ABOUT THIS TASK: Starting with the line that contains "Colar Veneziana Pingente" and ending with the last line of the listing, print each line exactly. Pictures stay out.

INFORMATION SHOWN:
****
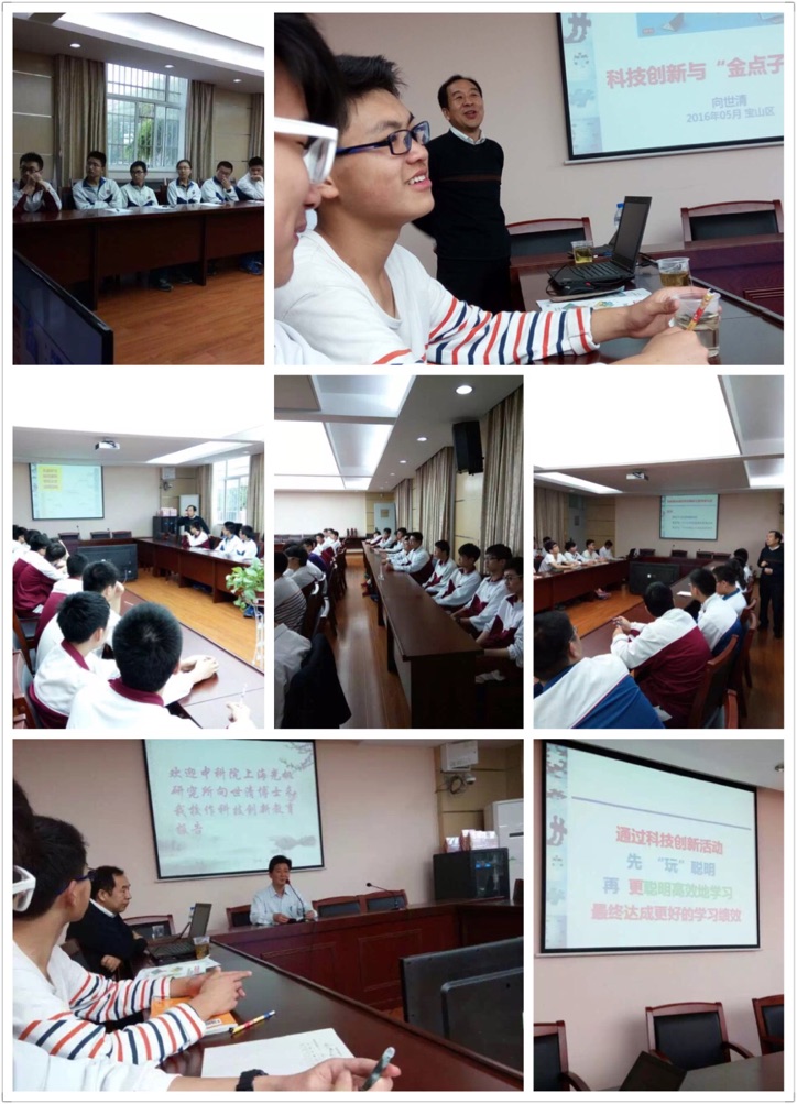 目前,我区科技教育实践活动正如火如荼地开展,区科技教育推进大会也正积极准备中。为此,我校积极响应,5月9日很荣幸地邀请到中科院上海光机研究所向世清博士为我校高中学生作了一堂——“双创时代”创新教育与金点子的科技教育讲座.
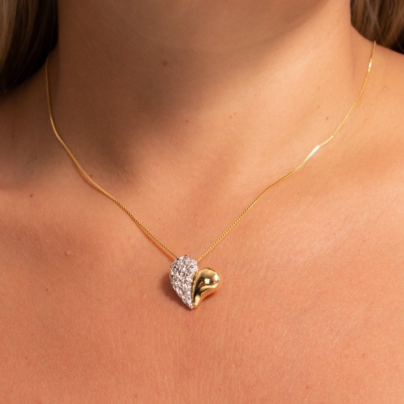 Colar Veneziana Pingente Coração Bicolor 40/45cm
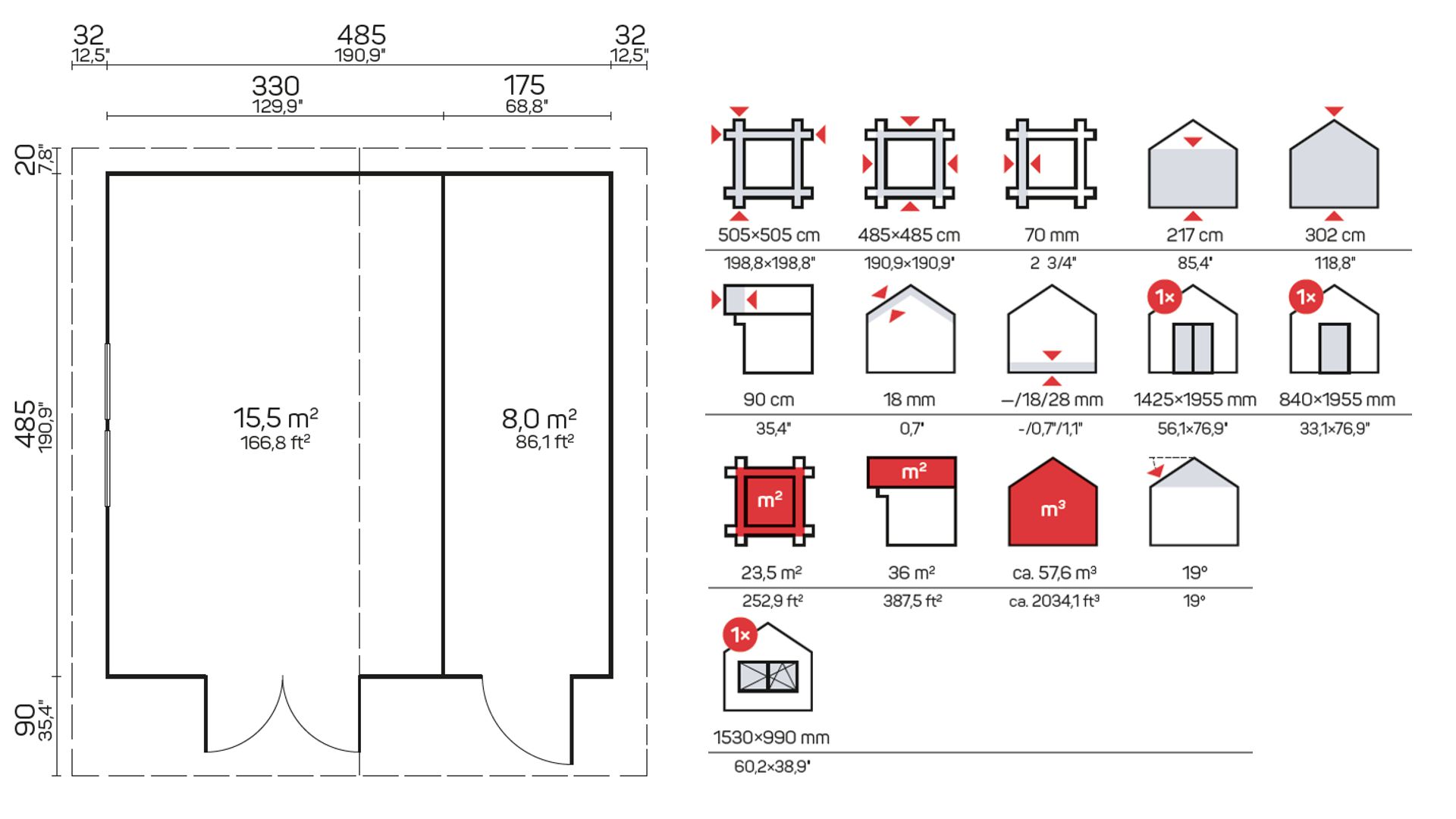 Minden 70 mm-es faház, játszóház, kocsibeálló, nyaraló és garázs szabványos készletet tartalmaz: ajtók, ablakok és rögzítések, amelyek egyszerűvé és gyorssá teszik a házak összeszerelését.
****
OUTPUT FOR THIS TASK:
 Colar Veneziana Pingente Coração Bicolor 40/45cm
 Minden 70 mm-es faház, játszóház, kocsibeálló, nyaraló és garázs szabványos készletet tartalmaz: ajtók, ablakok és rögzítések, amelyek egyszerűvé és gyorssá teszik a házak összeszerelését.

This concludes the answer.